Britney is acting as if she is about seven years old. She likely never had a real childhood, so she’s forced to have it now. When we skip a step in our development, inevitably we find ourselves trying to cope with adult situations with poorly developed skills. When Britney doesn’t get her way or is required to do something she doesn’t want to do (e.g., be deposed, which is very stressful and embarrassing), she “gets back” by refusing to turn over her kids at the appropriate time to her ex. Or indulging in drugs/alcohol. Or both. When her attorneys don’t conform to her demands, she fires them. Same goes for her mother, agent, hairdressers, bodyguards – anyone who doesn’t do what she wants. What age group does that sound like – under seven for sure!

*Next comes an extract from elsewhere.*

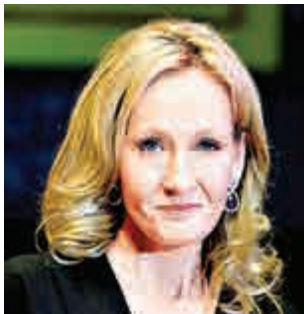
▲《哈利·波特》的作者J·K·羅琳

【大公報訊】據英國《鏡報》報道：英國布里斯托爾一名男子21日打999報警求助，投訴一隻海鷗企圖咬走他手上的三文治。警方周三公開他的電話錄音，批評他浪費警方時間和警力。 在對話中，999報案熱線中心內的接線生保持耐性，聽他講話，嘗試了解究竟發生了什麼事。該名男子很氣忿的嚷嚷，要求警員翻看街上保安攝錄機拍到的片段，證明他沒有講大話。 他對接線生說：「哈囉！我正在布里斯托爾市中心麥當勞門外，其中一隻海鷗企圖咬走我手上的三文治。」接線生插嘴，保持禮貌對他說：「OK，等一等。這與警方有何關係？只是一隻海鷗。」該名男子顯然感到不滿，但隨即掛線。

What can we learn from this?

Sadly, Britney gives us a great example of how NOT to run our lives. We’ve all had problems like these: who among us hasn’t had a relationship problem or an addiction problem or a lawsuit problem or problems with our kids. What we can learn from watching Britney is what behavior doesn’t work. Don’t turn everything into high drama; don’t assume your demands should be met; don’t assume you’re right. Accept the fact that adults often don’t get their way. Take a deep breath and remember that this too shall pass. And instead of turning to drugs/alcohol to make the pain and anger go away, try walking or talking. Both are readily available. While we’re fascinated with the descent of Britney, we can learn much from it.